This is National Infertility Awareness Week, and just like last year I am posting to help increase awareness!
http://www.resolve.org/national-infertility-awareness-week/home-page.html
To be honest, I simply didn't have the energy to dive into my own personal feelings this week, so when I saw my dear friend post about her feelings on her own blog I decided to steal it :) Her words mirror my feelings exactly, and I know she won't mind me sharing.
I'll let her remain anonymous, unless she tells me otherwise!
This is what she had to say...
"...Take your pick from phrasing - I'm living with infertility, I suffer from infertility, I have infertility - however you want to say it, infertility is not something that is dealt/coped with once and is over.
Like an antibiotic resistant super bug it finds ways to attack you even when you're feeling "fine."
I won't sit here and rehash with you the dramatic memories and episodes my initial bout with infertility caused me... But I did want to tell you about how infertility effects me today. I wanted to tell you that adopting a child does not cure infertility. It cures childlessness and brings a great deal of healing, but infertility is it's own separate issue that needs to be addressed accordingly and continuously.
...sometimes [you] have "flare ups" that remind you of your pain. It's not something that is easily ignored, no matter how blessed and happy you are.

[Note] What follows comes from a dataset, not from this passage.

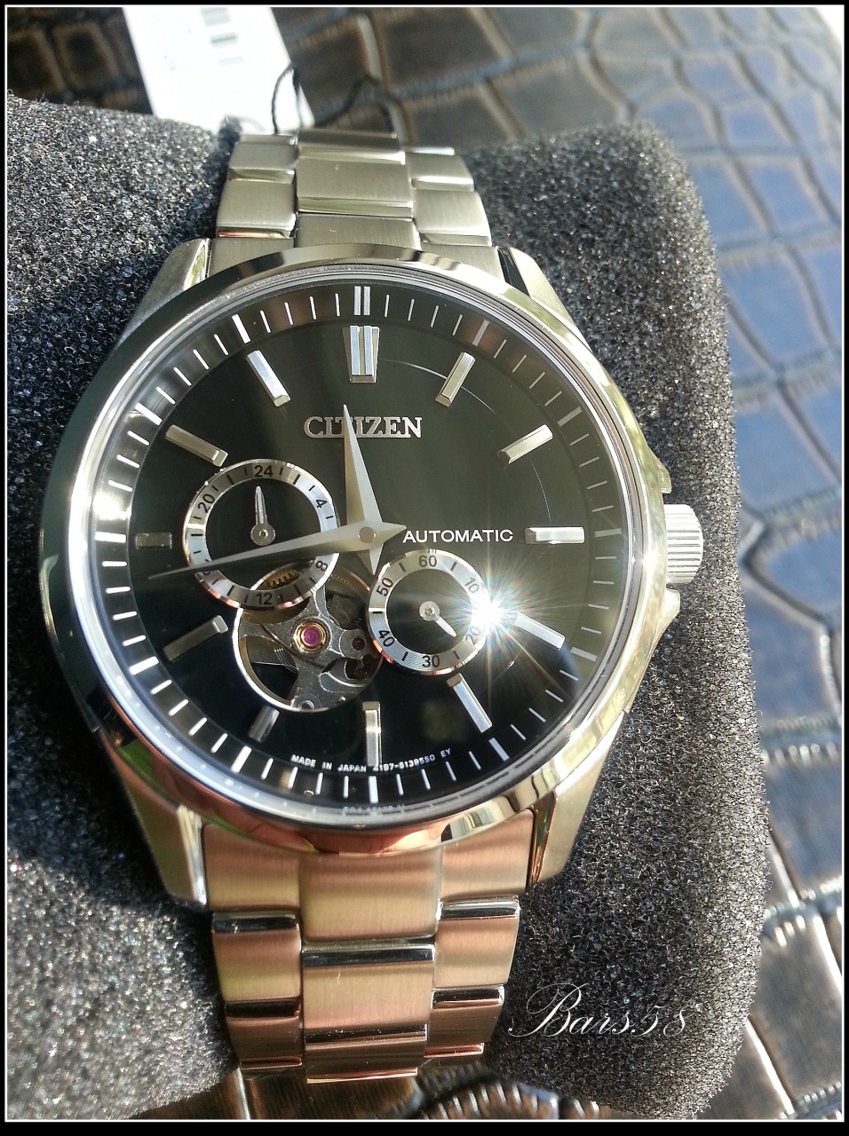 По-настоящему очень интересные и красивые механические часы японской сборки, в дизайне "бессмертной классики", с открытым балансом (фигурный проём сделанный в циферблате, позволяет заглянуть в самое сердце часового механизма) и прозрачной задней крышкой.

I can say with full honesty that I would not in a million years change a thing about our experiences. I am so grateful for my infertility... And if we can only ever build our family through adoption and foster care - hey, that's seriously fine by me! But there have been times (and will likely be more) when a woman walks by me with a swollen belly, or a friend announces her pregnancy, or I see a woman breastfeed her new baby, that my hand will dart to my barren belly and wish.... wonder..... what if? And in an instant feelings of intense maternal desire and grieving loss will rush through me for the millionth time. Again I'm back to wishing I could feel those tiny feet kick inside me. Wishing I could give my husband a son that looked like him. Wishing I could be that co-creator with God in bringing a little spirit to this earth. All the while knowing that if I were given that chance I would praise every stretch mark and every day of morning sickness for eternity.
But again.......
I am infertile.
The realization of those dreams will likely never come to pass. As I said earlier, really, in the grand scheme of things I am truly OK with that. But I have my moments of weakness.
So I guess that's what I'm trying to tell you. That I love adoption and foster care with unbridled passion. That I am grateful every day that we are blessed to walk those paths. But that I still hurt because of infertility. That infertility is a wound that, even after healing, leaves you viciously scarred. Judge me for what I've said, if you'd like. But this is the reality of my situation and the situation of millions like me.
Now, I don't want your pity. This is not a "hard luck" story. It's just a story. My story. And I'm damn proud of my story."